## [Source material]
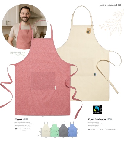 GIFT & PREMIUMS I 105Pissek 68310203117 04 1965 %u00d7 90 cm 100 / 10 Print Code: F(4), N(8), PZowi Fairtrade 127065 %u00d7 90 cm 100 / 10 Print Code: F(4), N(8), PApron. Cotton 180 g/ m2.Sch%u00fcrze. Baumwolle 180 g/ m2.Tablier. Coton 180 g/ m2.Schort. Katoen 180 g/ m2.Apron. Recycled Cotton 140 g/ m2.Sch%u00fcrze. Reclycling Baumwolle 140 g/ m2.Tablier. Coton Recycl%u00e9 140 g/ m2.Schort. Gerecycled Katoen 140 g/ m2.
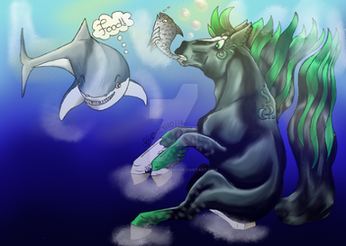 I love the fish's expression and how joyous Leggy is <3 The fish sillouets in the background adds good dimension I like the colors you used for the water and how you showed the current on the water's surface
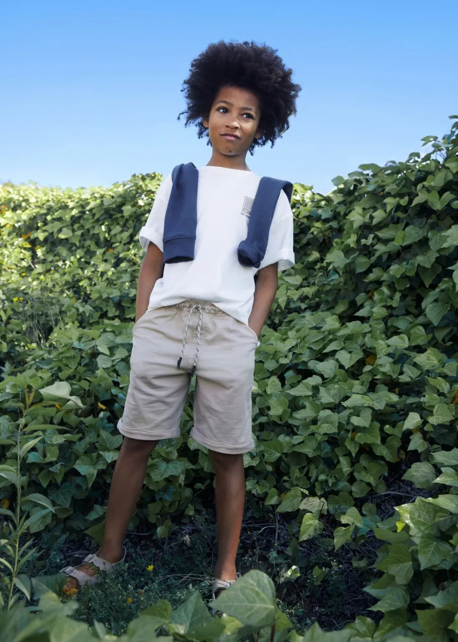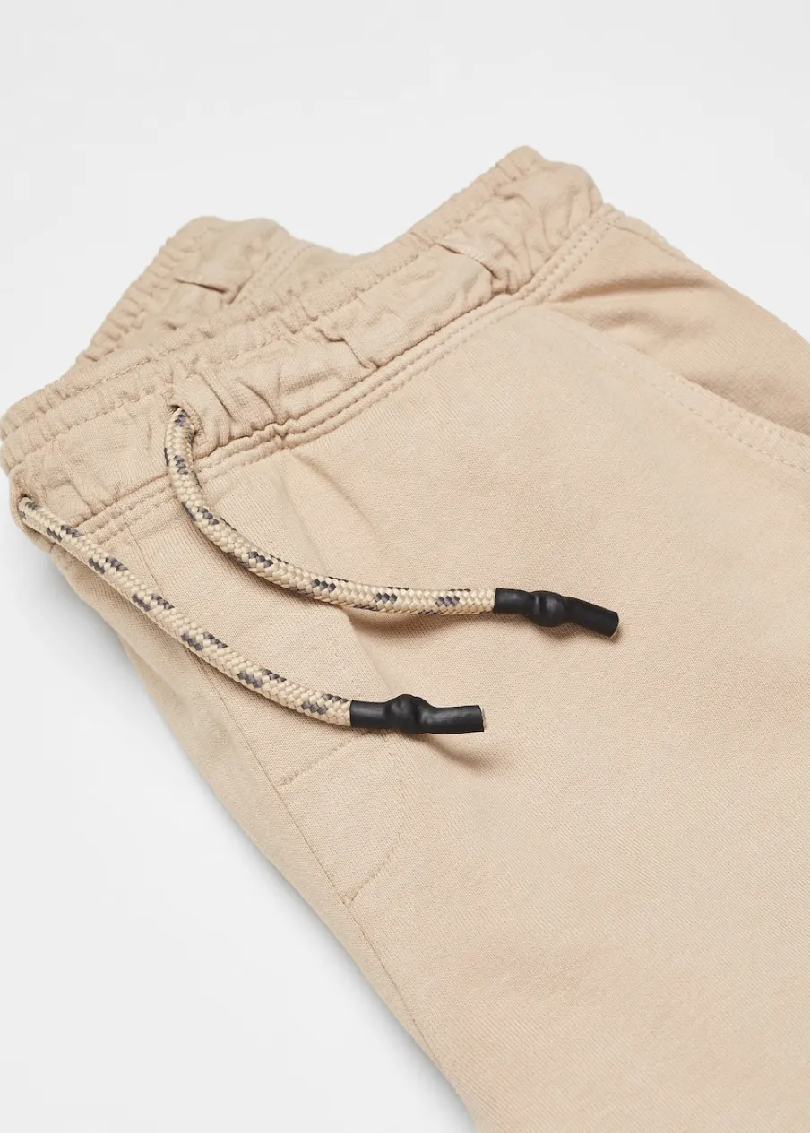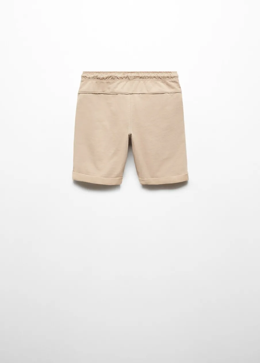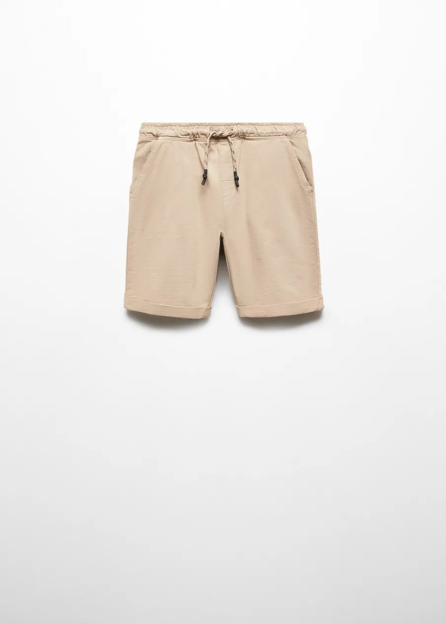 Tkanina z bawełną. Model prosty. Krótki krój. Elastyczny pas ze sznurkiem. Dwie kieszenie boczne. Obóz letni.

## [Task description]
Copy the listing above in full and exactly, but omit each picture that it holds.

## [Response area]
 GIFT & PREMIUMS I 105Pissek 68310203117 04 1965 %u00d7 90 cm 100 / 10 Print Code: F(4), N(8), PZowi Fairtrade 127065 %u00d7 90 cm 100 / 10 Print Code: F(4), N(8), PApron. Cotton 180 g/ m2.Sch%u00fcrze. Baumwolle 180 g/ m2.Tablier. Coton 180 g/ m2.Schort. Katoen 180 g/ m2.Apron. Recycled Cotton 140 g/ m2.Sch%u00fcrze. Reclycling Baumwolle 140 g/ m2.Tablier. Coton Recycl%u00e9 140 g/ m2.Schort. Gerecycled Katoen 140 g/ m2.
 I love the fish's expression and how joyous Leggy is <3 The fish sillouets in the background adds good dimension I like the colors you used for the water and how you showed the current on the water's surface
 Tkanina z bawełną. Model prosty. Krótki krój. Elastyczny pas ze sznurkiem. Dwie kieszenie boczne. Obóz letni.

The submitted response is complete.